For Frankfurter Rundschau's London correspondent, Sebastian Border, the decision is "a heavy blow for May's government", and he sees the Brexit schedule "faltering".
The Hungarian tabloid Blikk believes the latest developments are worthy of Shakespeare, with the headline "To Brexit or not to Brexit, that is the question - parliament will decide".
French paper Les Echos, says Theresa May's government "hit an iceberg called the High Court of Justice". "Enough to sink the Brexit ship? Or just rock it slightly?" it wonders.
An article in German tabloid Bild shows a picture of a kissing couple bearing EU and Union Jack face-paint, along with the headline "Is this the exit from Brexit?"
But few commentators believe the ruling is likely to overturn June's referendum result.
L'Express describes the ruling as a "thunderbolt from across the Channel", but adds that although a delay is now likely, Brexit will still go ahead in the end.
In Italian business daily Il Sole 24 Ore, London correspondent Leonardo Maisano, says the High Court "detonated a new bomb" under Brexit, but believes MPs will ultimately not go against the "popular will expressed in the referendum".

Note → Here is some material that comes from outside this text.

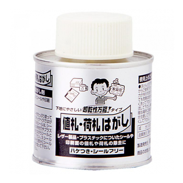 | ●成分:ミネラルスピリット(第一石油類) 1、除去するシールの上に、シールフリーをたっぷり塗って下さい。10秒位で乾きますので乾く前に爪やプラスチックヘラではがします。2、クラフトテープやビニールコーティングしてあるシールは、シールフリーが表面からしみこみません。このような場合は角を爪やプラスチックヘラで少しはがした後で、そのシールを引っ張りながらシールと下地の接着面にシールフリーを塗りながらはがしてください。3、シールやテープをはがした後、残ったノリを除去する場合はその部分にシールフリーをたっぷり塗って、布やティッシュペーパーで拭き取ってください。※一度で取れない場合は、同じ作業を繰り返して下さい。 ご使用の前に目立たない場所で必ず試し塗りをして安全を確認して下さい。●シールフリーは即乾タイプですので乾いてしまうと効力が失われます。●はがし難い時は、再度塗布して下さい。●皮膚についても危険はありませんが、念のため使用後は石鹸などでよく洗って下さい。●目や口に入った場合はすぐに水で洗い流して下さい。●使用後は密栓し、幼児の手の届かない冷暗な場所に容器を立てて保管して下さい。●火気には十分注意してください。●使用中、使用後はしばらく換気をよくして下さい。 |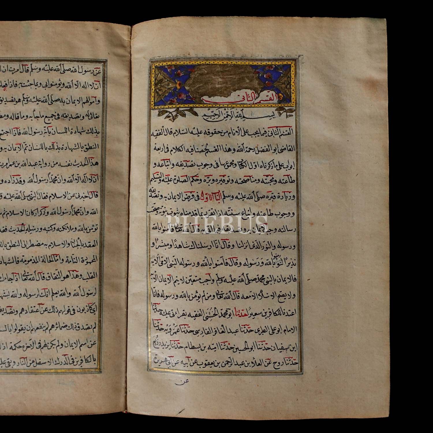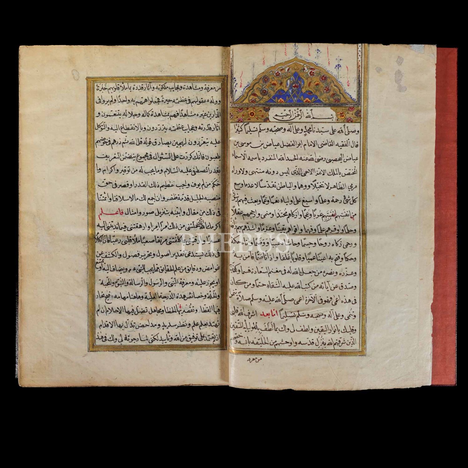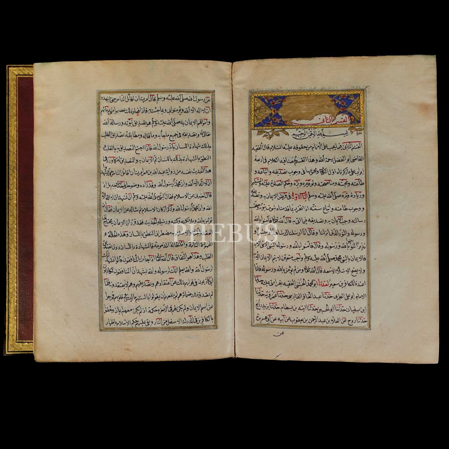 İki cüzden oluşan kitabın iki kısmının başında da serlevha mevcuttur, tüm sayfaları tahrirli altın cetvelli, kısım başları kırmızı mürekkeple yazılıdır. Şemseli ve zencerekli kırmızı deri dönem cildindedir.

Instead, most think the ruling only complicates an already tricky situation even further.
"Here comes the big mess," declares a headline in Germany's Zeit, whose London correspondent, Sascha Zastiral, describes the ruling as "a severe setback" for Theresa May's Brexit plans.
France's Liberation sees the decision as "not a setback for Brexit, but a stinging rap on the knuckles" for the government.
In Frankfurter Allgemeine Zeitung, London correspondent Marcus Theurer writes that this "bitter defeat" for the PM and Leavers will "poison the political debate" in the UK, and increase the "uncertainty around Brexit even further".
Spain's El Pais also highlights the unprecedented nature of the situation, which it says takes the country into "the tricky uncharted waters of Britain's unwritten constitution".
Italian paper Il Messaggero describes the ruling as "a spoke in the wheels of Brexit" and emphasises that it is hard to predict what will happen next, as we are now "in completely new territory".
"It is not by chance that Collins dictionary has chosen 'Brexit' as the word of the year," it concludes.